If Beale Street Could Talk
- First edition
- Author: James Baldwin
- Language: English
- Genre: Novel
- Publisher: Dial Press
- Publication date: June 17, 1974
- Publication place: United States
- Media type: Print (hardback)
- Pages: 197
- ISBN: 0-7181-1126-5
- OCLC: 3150118
- Dewey Decimal: 813/.5/4
- LC Class: PZ4.B18 If3 PS3552.A45

= If Beale Street Could Talk =

1974 novel by James Baldwin

If Beale Street Could Talk is a 1974 novel by American writer James Baldwin. His fifth novel (and 13th book overall), it is a love story set in Harlem, New York City, in the early 1970s. The title is a reference to the 1916 W. C. Handy blues song "Beale Street Blues", named after Beale Street in Downtown Memphis, Tennessee.

A film adaptation was released in 2018.

==Summary==
The novel follows a relationship between a 19-year-old girl named Tish, whose given name is Clementine Rivers, and a 22-year-old sculptor named Fonny, whose given name is Alonzo Hunt. They grew up in the same neighborhood in New York City and are childhood friends. They fall in love and become engaged. The story takes place after Fonny has been accused of raping a woman, and arrested and jailed awaiting his trial. Tish learns that she is pregnant after Fonny is incarcerated and must rely on her and Fonny's family for support.

If Beale Street Could Talk is the first Baldwin novel to focus exclusively on a Black love story; it is also the only novel in his corpus narrated by a woman. Published at the tail end of the Black Arts Movement, it explores love within Black life, centering on the emotional bonds holding two African-American families together.

==Critical reception==
Reviewing the novel in The New York Times in 1974, the novelist Joyce Carol Oates described If Beale Street Could Talk as "a moving, painful story" but "ultimately optimistic. It stresses the communal bond between members of an oppressed minority, especially between members of a family," offering,
a quite moving and very traditional celebration of love. It affirms not only love between a man and a woman, but love of a type that is dealt with only rarely in contemporary fiction--that between members of a family, which may involve extremes of sacrifice.

Anatole Broyard, also writing for The New York Times, was less sanguine. Deeming the novel a "sentimental love story", he writes,
I get the feeling that Mr. Baldwin doesn't worry overmuch about the authenticity of his books. He knows that, with all his faults, a sizable proportion of the American public will love him still. He is a brand name by now. In fact, he is so dated—I think even Richard Wright is more contemporary—that he might even qualify for our current nostalgia craze. An urbanized "Perils of Pauline," his book could make it equally well as a "gothic" novel, sending thrills of synthetic terror down the spine of that legendary old lady in Dubuque.
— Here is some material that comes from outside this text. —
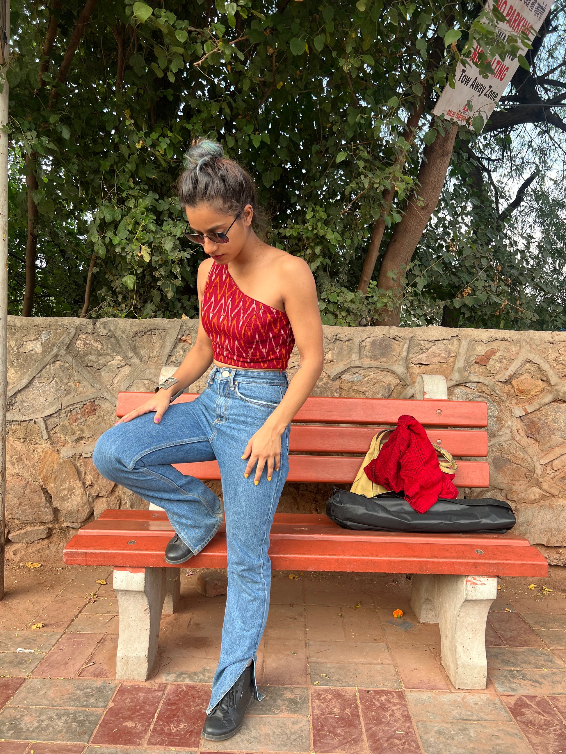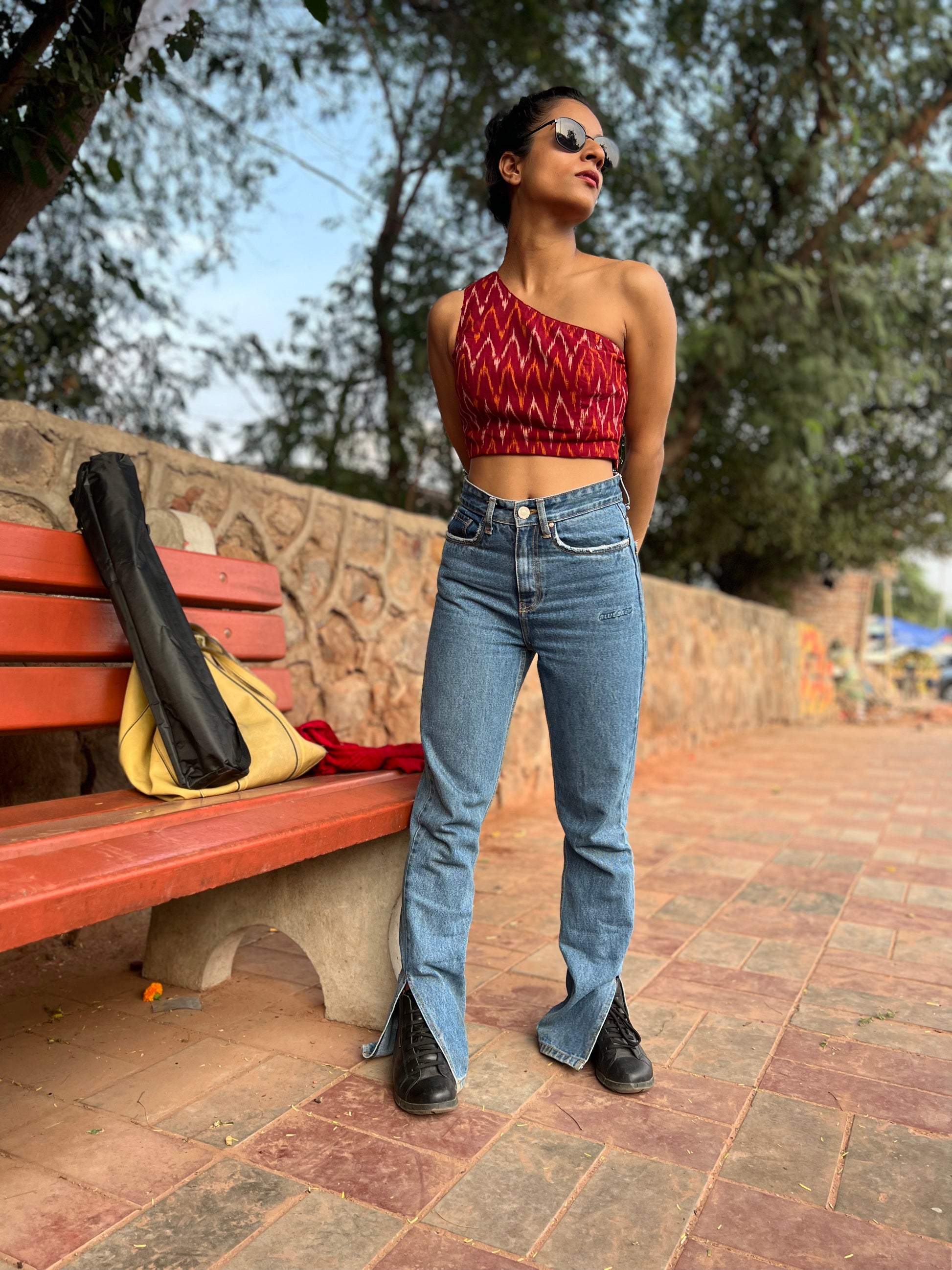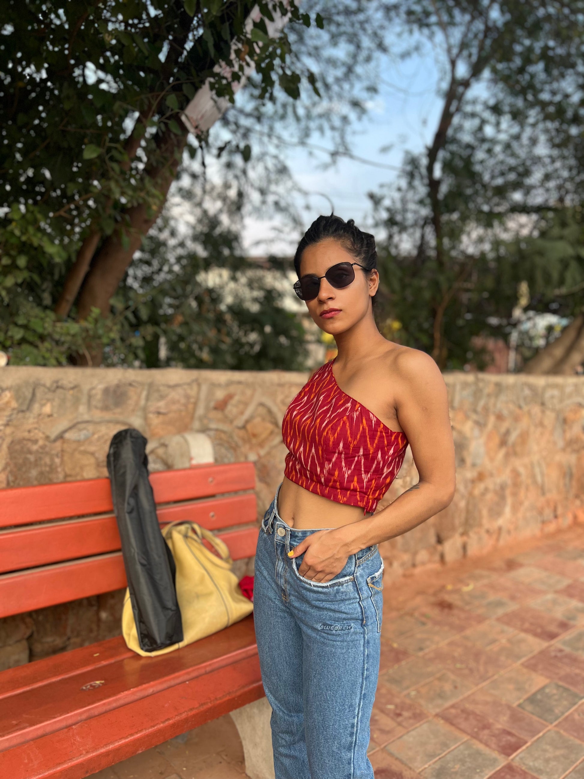 The rustic red ikat print is a bold statement piece to add to your wardrobe. You will look effortlessly cool and turn heads in this stylish one-shoulder style blouse.

In 2015, Stacia L. Brown, writing in Gawker, similarly found Beale Street "belong[ed] to a collection of literature that seeks to humanize black men, through their relationships with parents, lovers, siblings, and children. It swan-dives from optimism to bleakness and rises from the ash of dashed hopes."

When Baldwin spoke to Hugh Hebert of The Guardian upon the release of Beale Street in 1974, he said about his work: "Every poet is an optimist... But on the way to that optimism 'you have to reach a certain level of despair to deal with your life at all.